The OIG also noted that these instances occurred despite the FDA having the power to institute a mandatory recall, per FSMA regulations passed in 2011, and technology that enables faster detection of pathogens, particularly whole genome sequencing. Both recalls happened in 2014 and were among the 30 recalls between 2012 and 2015 that OIG is currently investigating.
These issues are ongoing. Last week, The Wall Street Journal uncovered reports that show a history of recurring problems at the CRF Frozen Foods facility in Pasco, WA, which has been linked to a massive recall that impacted dozens of brands, including many retailers' private labels. Last year, reports revealed that health officials discovered listeria contamination at one of Blue Bell's plants more than a month before the products were widely recalled.

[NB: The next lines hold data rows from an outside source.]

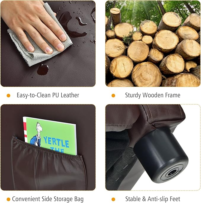 - Premium Material & Sturdy Construction: This kids lounge chair features PU leather surface, which is not only skin-friendly, but also waterproof and easy to clean with a damp cloth. In addition, supported by a solid wooden frame and 4 anti-slip feet, this upholstered recliner ensures excellent stability and can hold weights up to 110 lbs.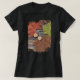 The staged photo of fall coloured leaves surrounds two small hearts. The leaves are made of a jute material and give added texture to the artwork. The original photo is masked to fade into the colour of the t-shirt.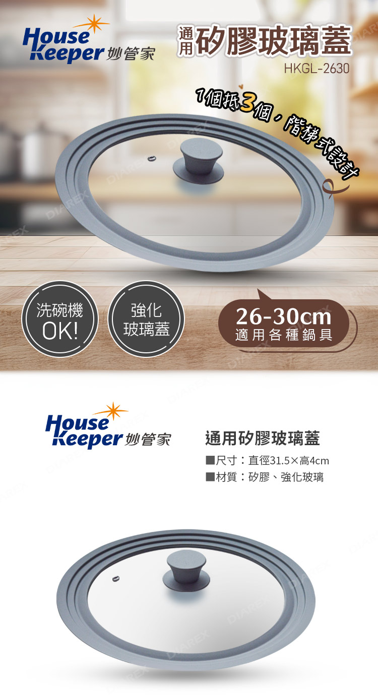 【品名】妙管家 通用矽膠玻璃蓋(26-30cm) HKGL-2630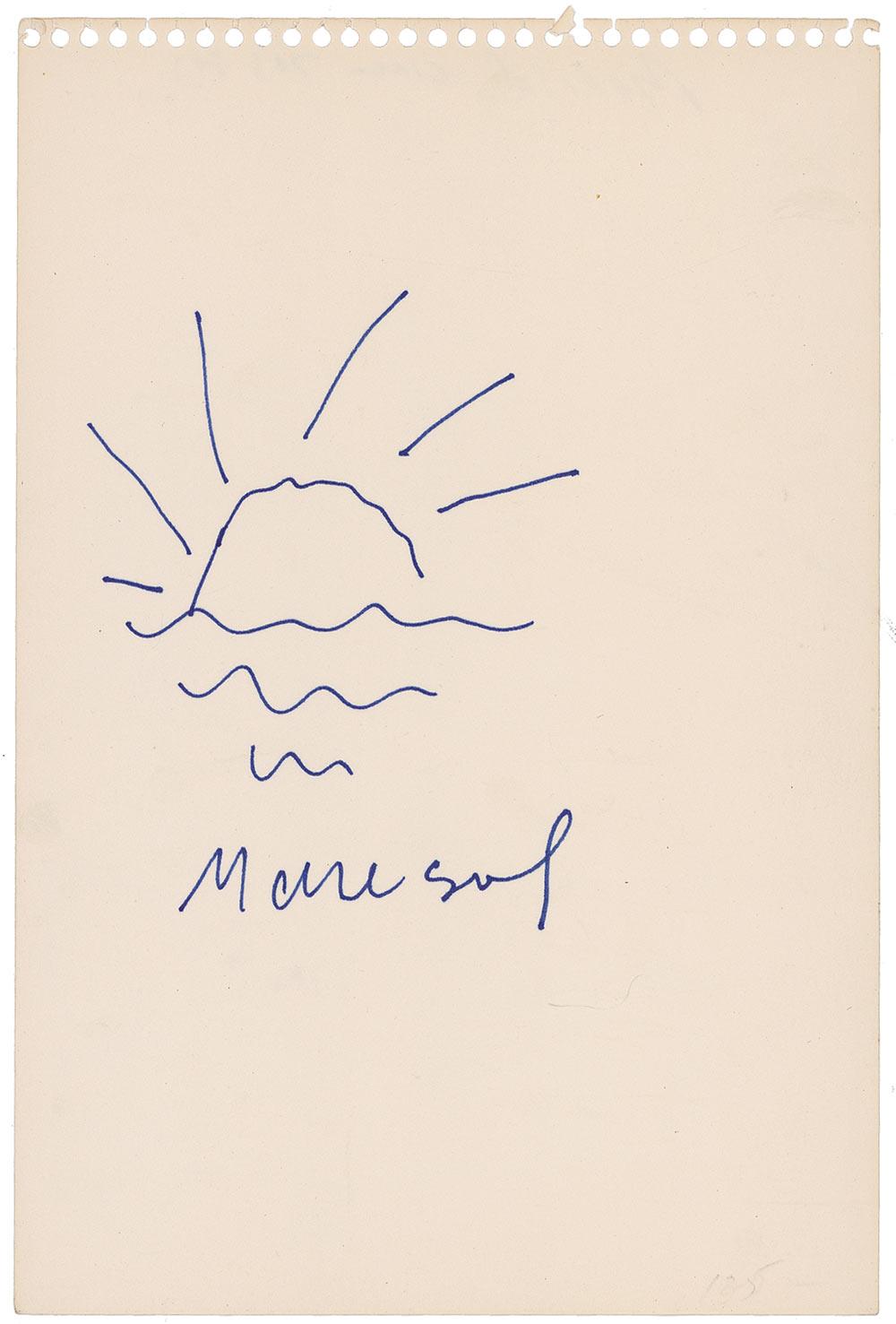 Original signed felt tip sketch of a sunset over the water on an off-white 6 x 9 sheet. In fine condition.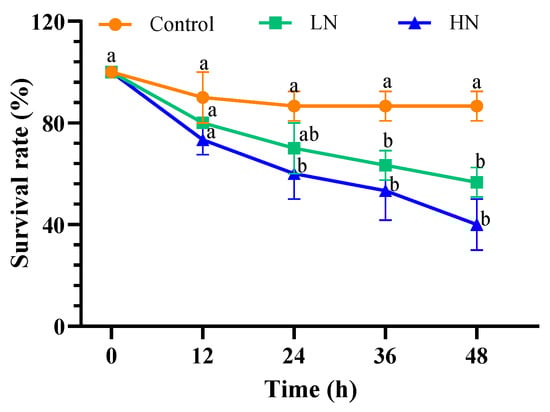 Survival rate in different groups of juvenile P. trituberculatus under nitrite stress. At each time point, the letters indicate significant differences between experimental groups (p < 0.05).

In its blog post, the FDA announced a "new process" that aims to "streamline and strengthen decisions about compliance and enforcement actions." The Strategic Coordinated Outbreak Response and Evaluation (SCORE) team is comprised of key senior leaders from federal organizations advised by senior scientific, medical, communications, and policy experts. FDA says SCORE will bring "an integrated approach to identifying timely and efficient measures to help mitigate public health risks."
Because of the newness of SCORE, it's unclear what role the team will play in terms of interactions with manufacturers. But the FDA seems confident in its ability to improve upon recall protocols between its efforts to develop SCORE and the mandatory preventive controls requirements manufacturers must comply with per FSMA. Those requirements include developing and documenting a recall plan and identifying and solving any food safety risks that could lead to a recall.
Manufacturers are working toward FSMA preventive controls compliance in varying capacities, as certain manufacturers require more changes and additional documentation than others. Many companies must be compliant by September, though "very small businesses" have more time, per recently released draft guidance. Depending on the survey, manufacturers' belief in their FSMA preparedness ranges from 61% to 25%.